TRE: A Regex Engine with Approximate Matching

November 4, 2018

A Fuzzy Wuzzy Bear

TRE is a regex engine that allows for approximate matching. It does this by using calculating the Levenshtein Distance (number of insertions, deletions, or substitutions it would take to make the strings equal), as it searchs for a match.

The re::engine::TRE is a Perl wrapper around the TRE engine. It swaps out the default Perl regex engine with the TRE engine within the lexical scope that it is used.

Before we dive into the nitty gritty, here are a few examples.

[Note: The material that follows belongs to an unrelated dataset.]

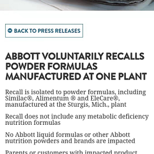 虽然雅培对成品的检测未发现病原体,但我们正在采取行动,召回在该工厂生产的奶粉,有效期为2022年4月1日或更晚。雅培的液体配方、粉末配方或其他工厂生产的营养产品都没有受到此次召回的影响。

S=Substitution, I=Insertion, D=Deletion

Fuzzy matching:

0> use re::engine::TRE max_cost => 2
1> say $& if 'pesarl' =~ /perl/x # 2I
pesa
2> say $& if 'prjl' =~ /perl/x # 2S
prjl

Fuzzy captures:

0> use re::engine::TRE max_cost => 6
1> say "\$1 = $1, \$2 = $2" if 'Fussy wuzzy has a beer' =~ /(fuzzy) wuzzy was a (bear)/xi
$1 = Fussy, $2 = beer

Perl regex variables returned (this is so handy):

0> use re::engine::TRE max_cost => 2
1> say "$1 starts at $-[1] and ends at $+[1]" if 'GATACA' =~ /GA(TCC)A/x
TAC starts at 2 and ends at 5

Implementation details

So now that you’ve seen the basic flavor of what the TRE is, let’s clear up some of the details that I found really confusing when I started with it.

The ERE vs the BRE Syntax

They syntax that TRE uses can be switched to either use the POSIX Extended Regular Expression syntax, ERE, or the Basic Regular Expression syntax, BRE. The docs page, however, does not make this clear. The re::engine::TRE implementation looks for the /x flag in order to switch on ERE, which is almost certainly what you want.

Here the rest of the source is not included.